Силард нахмурился. Оппенгеймер Слишком подобострастный, слишком заинтересованный в карьерном росте. О, бесспорно, он обладает харизмой, с этим согласны все, кто его знает. Но выступать в роли защитника науки и противостоять Корявому Гровзу?
Да смилуется над нами Господь, сказал он, покачав головой.
* * *
Роберт Оппенгеймер смотрел в огромное, во всю стену, окно приемной президента университета, глубоко погрузившись в размышления. Он часто пребывал в подобном состоянии. И обдумывал он, конечно, неподдающуюся проблему разделения изотопов, но
Изотопы это одни и те же элементы, но разные и то, и в то же время не то. Точно так же, как женщины в его жизни, обе красивые и блистательные, но тоже разные: Китти, которая требовала, чтобы он удовлетворял ее потребности, и Джин, потребности которой он никогда не мог полностью не то что удовлетворить, но и угадать. Такие же, но все же разные: Китти, которая была замужем за другим, когда начала встречаться с Робертом, и которая, как он впоследствии узнал от друзей, хвасталась, что вынудила его жениться на ней «старомодным способом, забеременев», и Джин, все еще остающаяся рядом, все еще пребывающая в его кругу общения, иногда даже оказывающаяся в его объятиях, но решившая не принимать на себя обязательств.
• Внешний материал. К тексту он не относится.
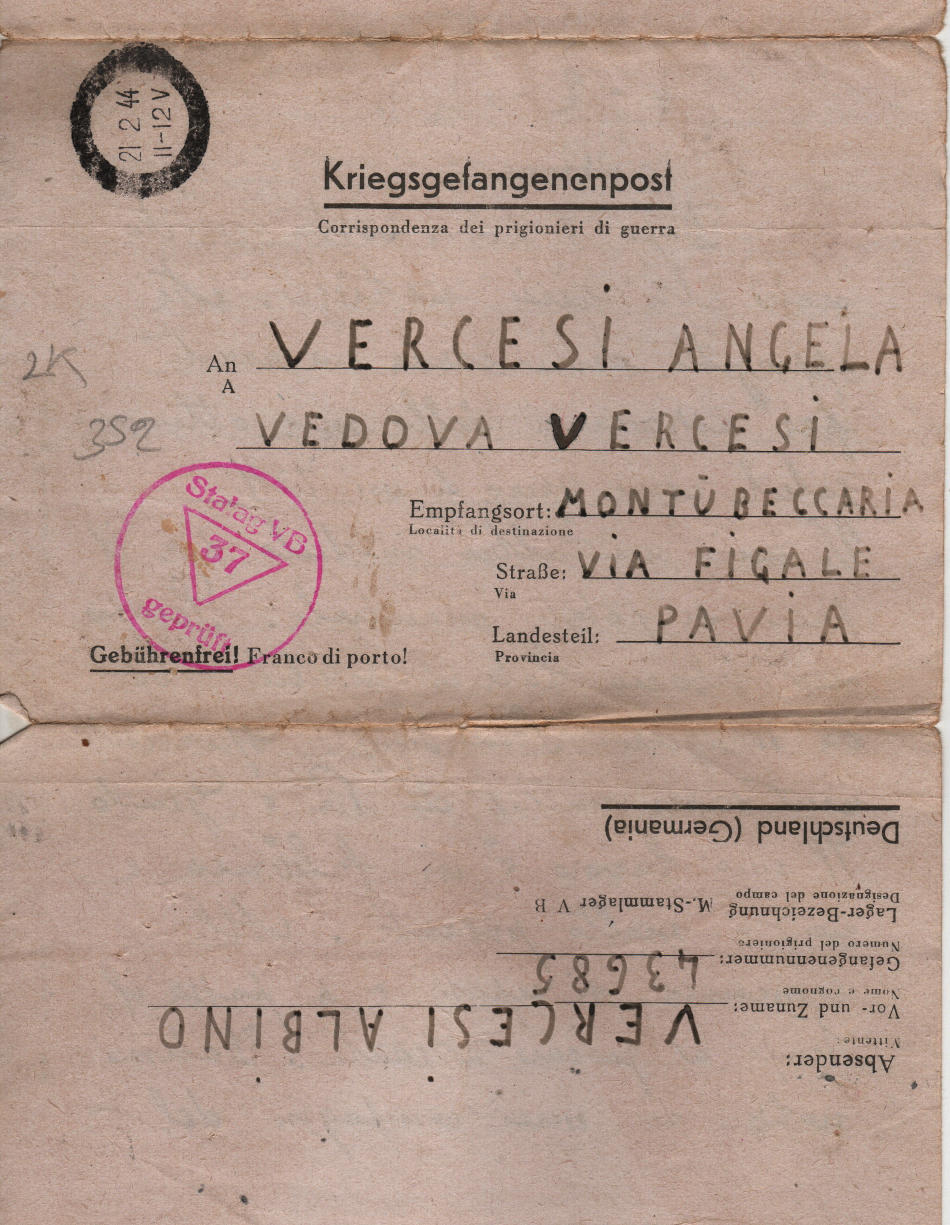 Lettera scritta il 7.2.1944 nel campo di prigionia e spedita a Montù Beccaria (provincia di Pavia) in Italia

Время шло, а ведь Роберт не был слеп и видел, что происходило вокруг. Его бывшая квартирная хозяйка, этот вихрь энергии по имени Мэри-Эллен, и хрупкая, капризная Джин, ставшая в конце концов доктором медицины, были теперь больше, чем просто приятельницами. Джин всегда тянуло в разные стороны одновременно, и на одном из этих путей стояла Мэри-Эллен всегда уверенная в себе, в противоположность Джин, которая редко была уверена в себе, зато всегда была доверчивой и такой же закрытой, как сам Оппи.
Роберт!
Голос принадлежал хозяину приемной, президенту университета Спроулу. Он повернулся.
Да.
Посетителя он заметил лишь после того, как Спроул поджарый, как пантера, одетый в серый костюм-тройку, с тонкими очками на носу указал на шедшего рядом с ним мужчину в военной форме.
Генерал Лесли Гровз, позвольте представить вам доктора Роберта Оппенгеймера.
Термин «деление», которым описывался процесс расщепления атомного ядра на несколько более легких осколков, был заимствован из биологии, и Оппи внезапно пришли на память микрофотографии делящейся клетки, которые он видел: вытянутый овал, перехваченный посередине так, что получилась восьмерка. Роль перетяжки у Гровза выполнял ремень, а над ним и под ним вздымался обширный живот.